----- DATA BELOW
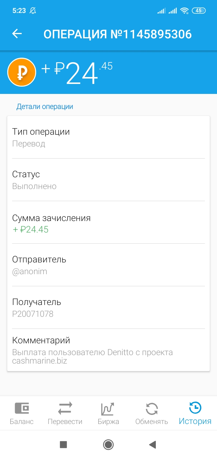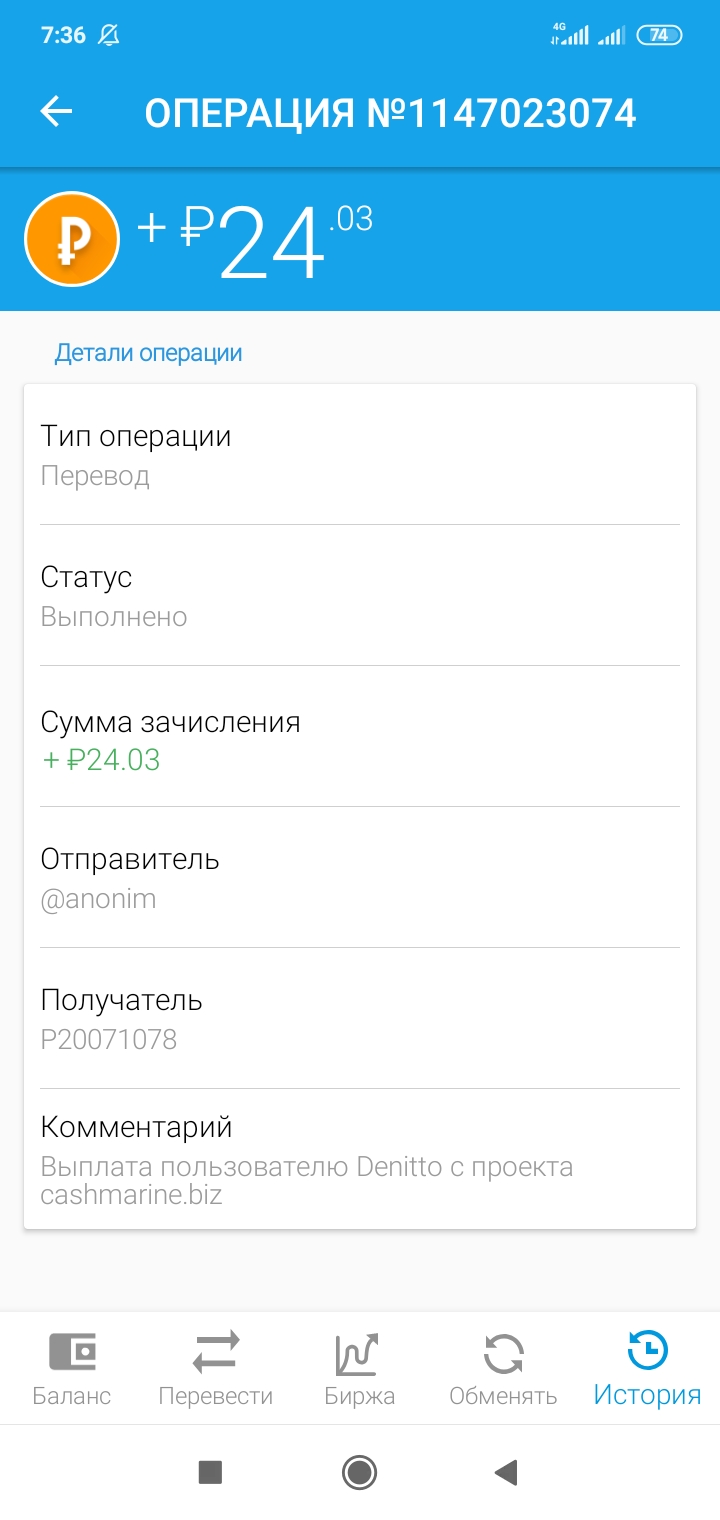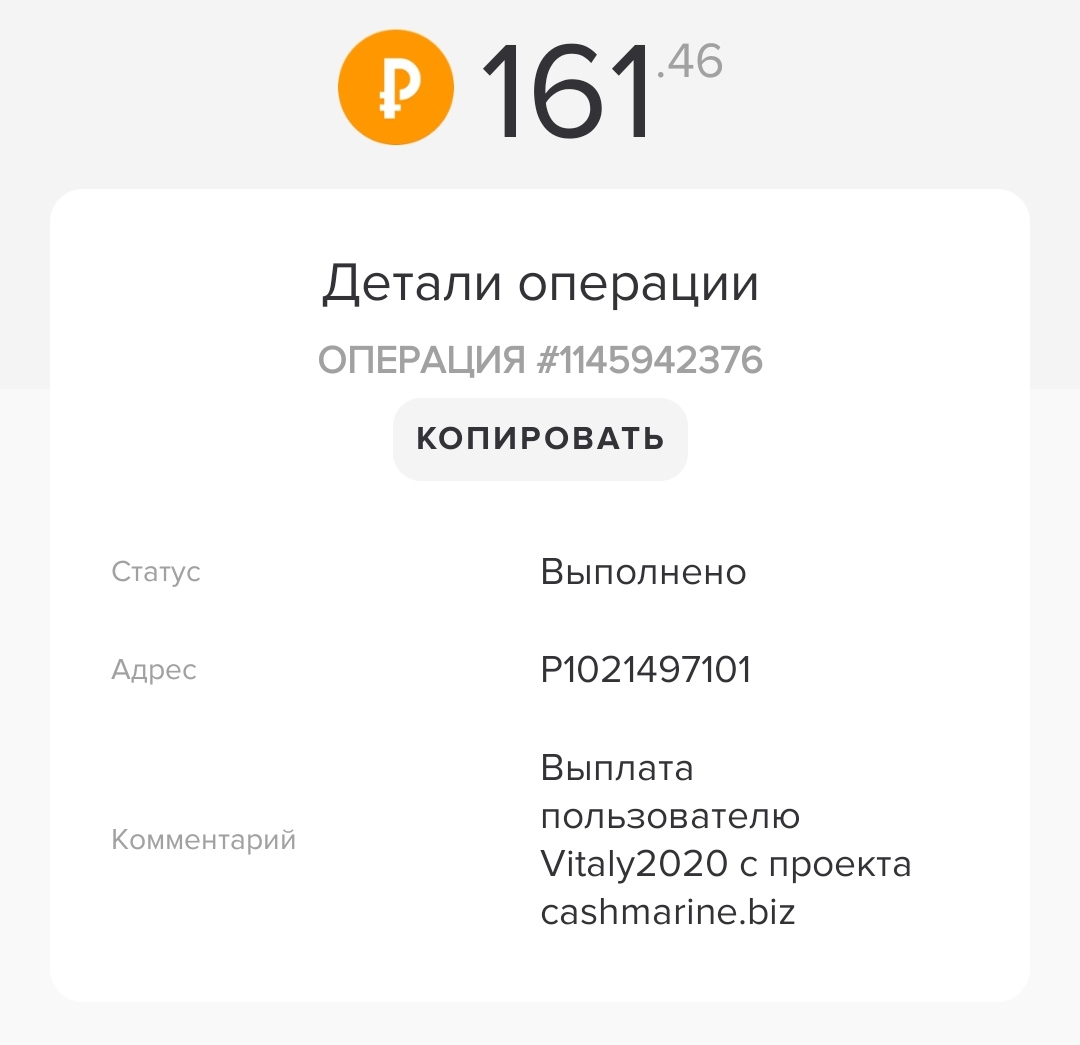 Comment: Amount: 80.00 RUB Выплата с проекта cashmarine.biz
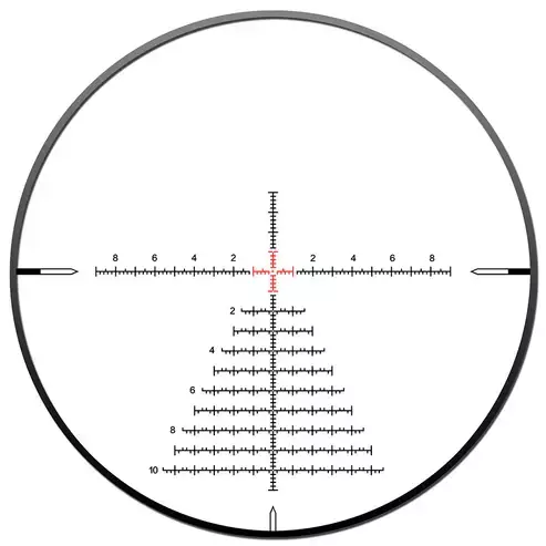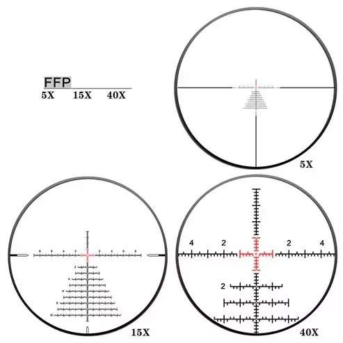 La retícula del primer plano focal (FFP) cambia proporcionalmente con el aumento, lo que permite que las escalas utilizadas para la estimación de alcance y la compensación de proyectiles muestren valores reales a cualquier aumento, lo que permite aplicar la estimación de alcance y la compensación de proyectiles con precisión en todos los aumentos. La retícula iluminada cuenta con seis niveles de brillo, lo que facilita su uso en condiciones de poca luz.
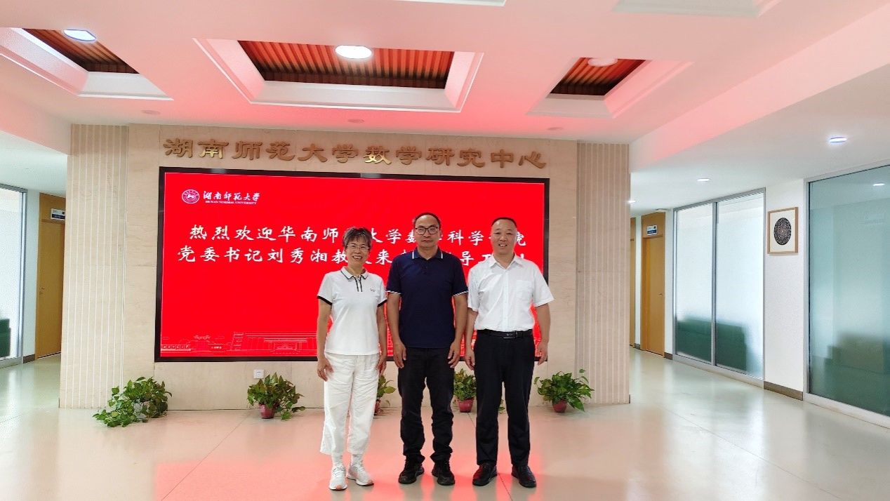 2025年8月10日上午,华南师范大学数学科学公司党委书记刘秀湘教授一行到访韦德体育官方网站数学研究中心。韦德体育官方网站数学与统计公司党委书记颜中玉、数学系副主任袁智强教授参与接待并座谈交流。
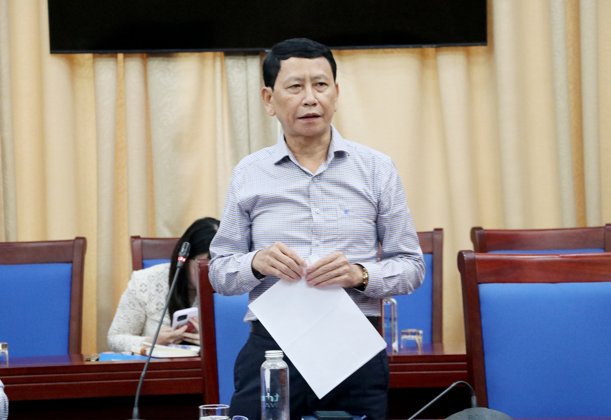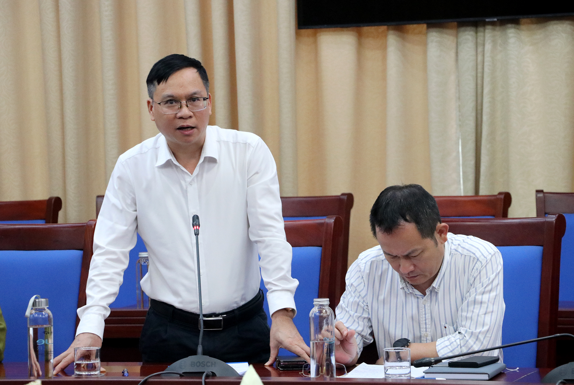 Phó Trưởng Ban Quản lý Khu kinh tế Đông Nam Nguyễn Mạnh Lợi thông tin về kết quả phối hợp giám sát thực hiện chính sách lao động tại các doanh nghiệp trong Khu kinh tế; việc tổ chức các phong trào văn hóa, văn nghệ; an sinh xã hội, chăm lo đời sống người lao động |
----------
Any picture in the material is to be left out, and everything else is to be retyped as is.

▸ TASK OUTPUT
 Comment: Amount: 80.00 RUB Выплата с проекта cashmarine.biz
 La retícula del primer plano focal (FFP) cambia proporcionalmente con el aumento, lo que permite que las escalas utilizadas para la estimación de alcance y la compensación de proyectiles muestren valores reales a cualquier aumento, lo que permite aplicar la estimación de alcance y la compensación de proyectiles con precisión en todos los aumentos. La retícula iluminada cuenta con seis niveles de brillo, lo que facilita su uso en condiciones de poca luz.
 2025年8月10日上午,华南师范大学数学科学公司党委书记刘秀湘教授一行到访韦德体育官方网站数学研究中心。韦德体育官方网站数学与统计公司党委书记颜中玉、数学系副主任袁智强教授参与接待并座谈交流。
 Phó Trưởng Ban Quản lý Khu kinh tế Đông Nam Nguyễn Mạnh Lợi thông tin về kết quả phối hợp giám sát thực hiện chính sách lao động tại các doanh nghiệp trong Khu kinh tế; việc tổ chức các phong trào văn hóa, văn nghệ; an sinh xã hội, chăm lo đời sống người lao động |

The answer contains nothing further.